**Stored items**.
────────────────────

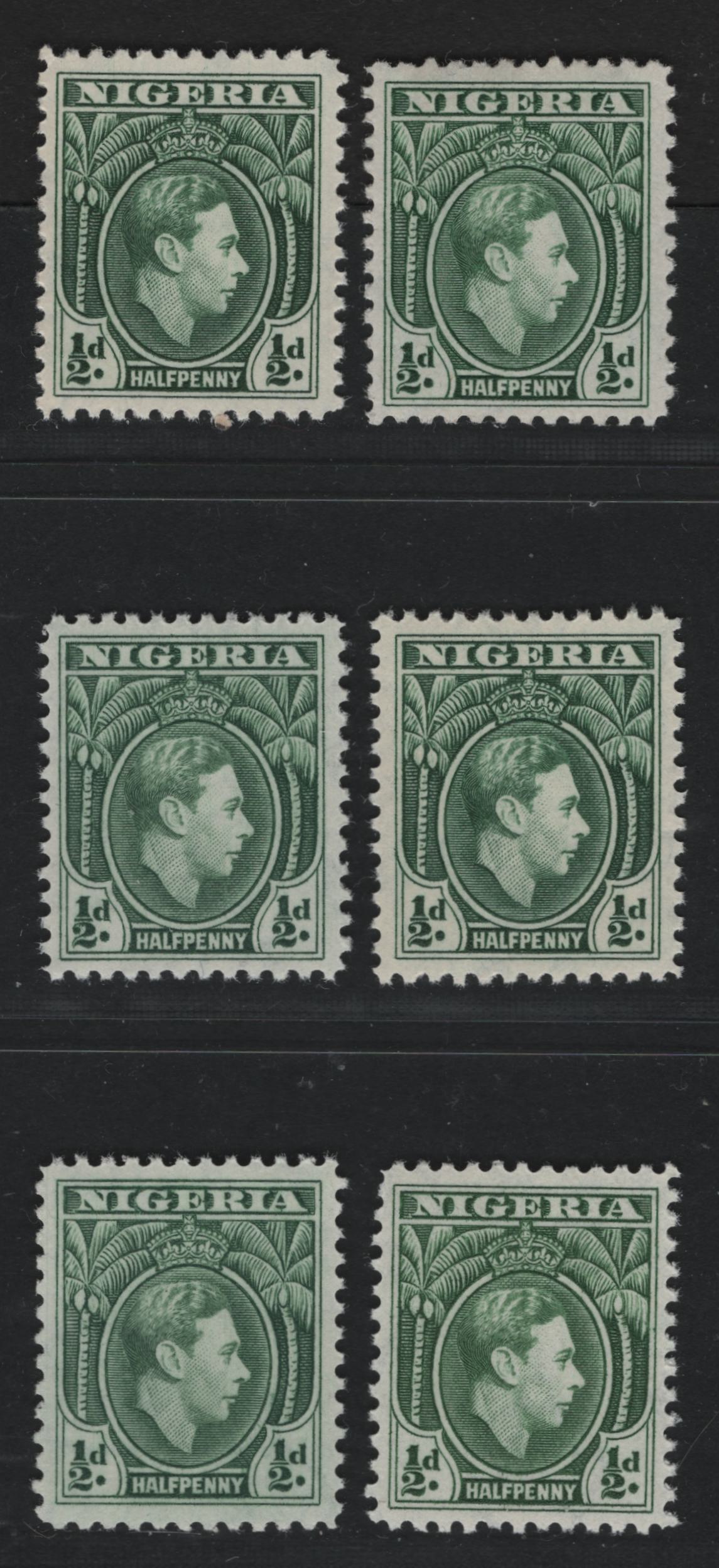 Nigeria #53var (SG#49var) 1/2d Deep Dull Green - Dull Green King George VI, 1938-1952 King George VI Definitive Issue, 6 VFOG & VFNH Singles, Line Perf 12, April 1944, December 1944, March 1945 & July 1947 Printings
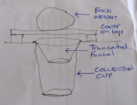 Collection cup with bugs. The liquid is dilute antifreeze which preserves the bugs and doesn’t evaporate. Cups are collected at each site every three weeks. Bugs are taken to the lab and identified.
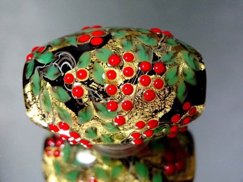 バーナーワークの技法で制作した、手作りのとんぼ玉です。
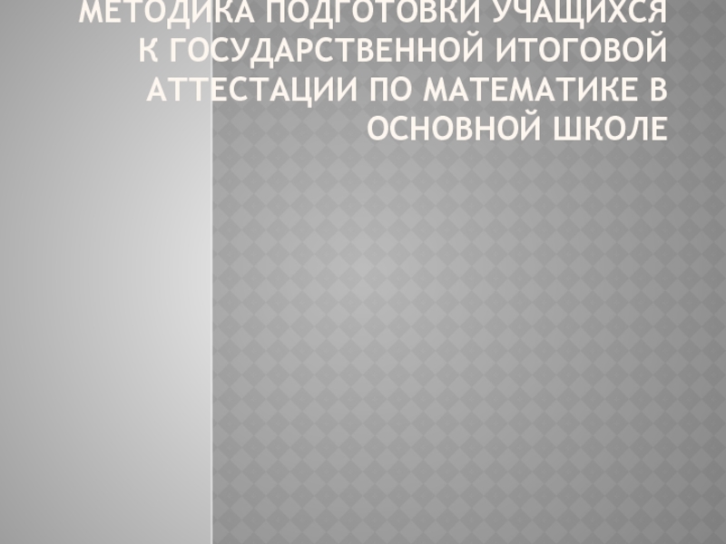 Методика подготовки учащихся к государственной итоговой аттестации по математике в основной
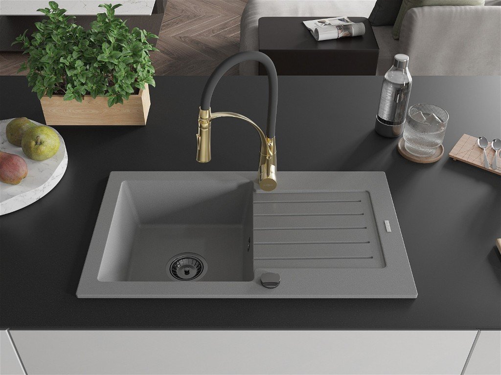 MEXEN/S - Pablo granitový dřez 1 s odkapávačem včetně baterie Aster, šedá 6510-71-73450-57-B
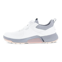 The ECCO W GOLF BIOM® H4 is made in durable leather and GORE-TEX waterproof technology to keep your feet dry even in wet playing conditions. The ECCO MTN GRIP outsole features our signature FLUIDFORM™ Technology, as well as an eye-catching PU midsole with TPU inserts on either side that securely hug your foot and offer added stability. The elevated appearance and understated design will ensure you look good on and off the green.
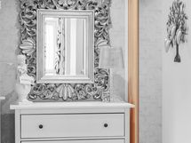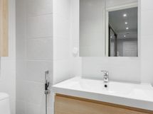 Sauna, sähkökiuas Harvian tornikiuas, kylpyhuone, erillinen wc, suihku, peilikaappi, kaapit, allaskaappi, pesukoneliitäntä, kiinteät valaisimet.
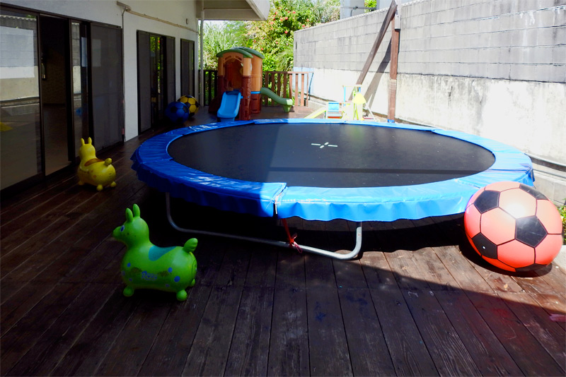 トランポリン・ポール・マットを使った体育遊び行います。
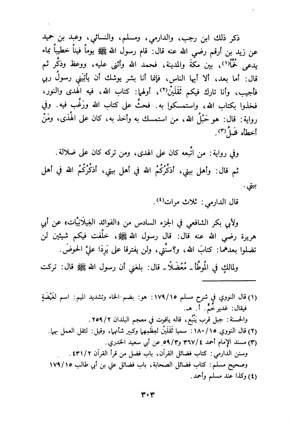 عن زيد بن أرقم رضي الله عنه قال: قام رسول الله - صلى الله عليه وسلم - يوما فيناً خطيبا بماء يدعى خُمَّاً، بين مكةَ والمدينة، فحمد الله وأثنى عليه، ووعظ وذكَّر ثم قال: أما بعد، ألا أيها الناس، فإنما أنا بشر يوشك أن يأتِيَني رسولُ ربي فأجيب، وأنا تارك فيكم ثَقَلَيْن، أولهما: كتاب الله، فيه الَهدى والنور، فخذوا بكتاب الله، واستمسكوا به. فحثَّ على كتاب الله ورَغب فيه.

────────────────────

Although the records above contain pictures, the copy should not; retype exactly the lines from the one containing "Методика подготовки учащихся" through the one containing "MEXEN/S - Pablo".

 Методика подготовки учащихся к государственной итоговой аттестации по математике в основной
 MEXEN/S - Pablo granitový dřez 1 s odkapávačem včetně baterie Aster, šedá 6510-71-73450-57-B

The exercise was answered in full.